While Greek philosophers like Plato despised commerce and Roman aristocrats considered trade beneath their dignity, Indian tradition placed merchants (Vaishyas) as essential to cosmic order. This cultural difference enabled India's commercial dominance for millennia.
The Periplus of the Erythraean Sea (c. 60 CE), a Roman merchant's guide, describes Indian ports handling goods from across the known world - evidence of the commercial sophistication that dharmic commerce enabled.
Understanding that commerce was culturally honored helps correct the colonial narrative that India was 'stagnant' and needed Western 'modernization.' India's commercial decline under colonialism was destruction, not natural evolution.
Living traditions
The Marwari model continues through conglomerates like Aditya Birla Group, Bajaj Group, and newer ventures. In 2024, Zerodha (founded by Marwari entrepreneurs Nithin and Nikhil Kamath) became India's largest stockbroker while charging near-zero fees - modern seva-commerce.

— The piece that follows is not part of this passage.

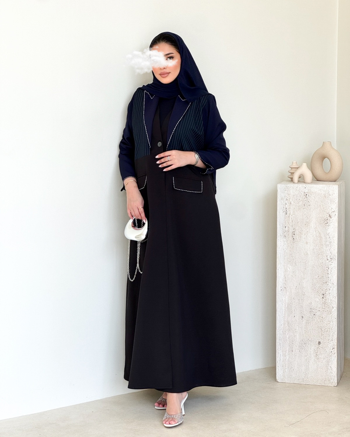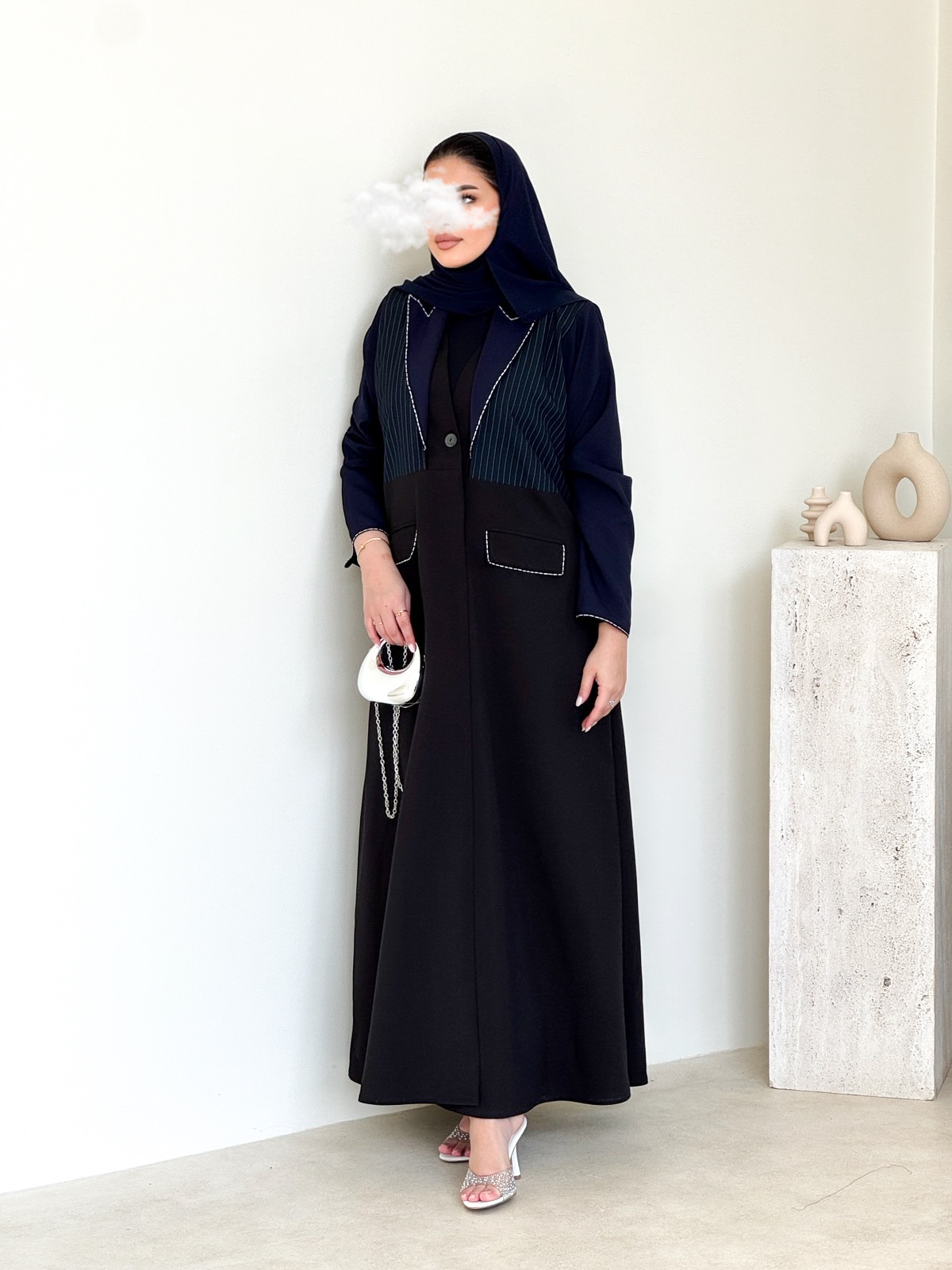 عباية بقماش المنيميت المخطط و الساده المطرز.

- Apprenticeship System: Young family members learn business from childhood, working in shops and learning ethics alongside commerce
- Community Credit Networks: Marwari businesses extend credit within the community based on family reputation, not collateral
- Dharamshala Philanthropy: Successful merchants build rest houses, hospitals, and temples - institutionalized giving as business duty
- Nawalgarh, Shekhawati: Open-air museum of Marwari merchant havelis, decorated with murals depicting traders as honored figures
- Birla Mandir, Delhi/Kolkata/Jaipur: Temples built by Birla family demonstrate merchant philanthropy - industrial wealth returned to community through sacred architecture
- Birla Mandir (Laxmi Narayan Temple): Built by industrialist Jugal Kishore Birla and inaugurated by Mahatma Gandhi in 1939, this temple exemplifies how merchant wealth has traditionally been channeled into creating sacred spaces for all communities.
- Rani Sati Temple: One of the wealthiest temples in India, built and maintained by the Marwari merchant community. Demonstrates the deep integration of merchant identity with religious patronage.
Reflection
- Think of a business you admire. What type of utility does it create (form, place, or time)? How does this utility-creation justify its profits?
- How would you redesign a business you consider 'extractive' to make it genuinely service-oriented while remaining profitable?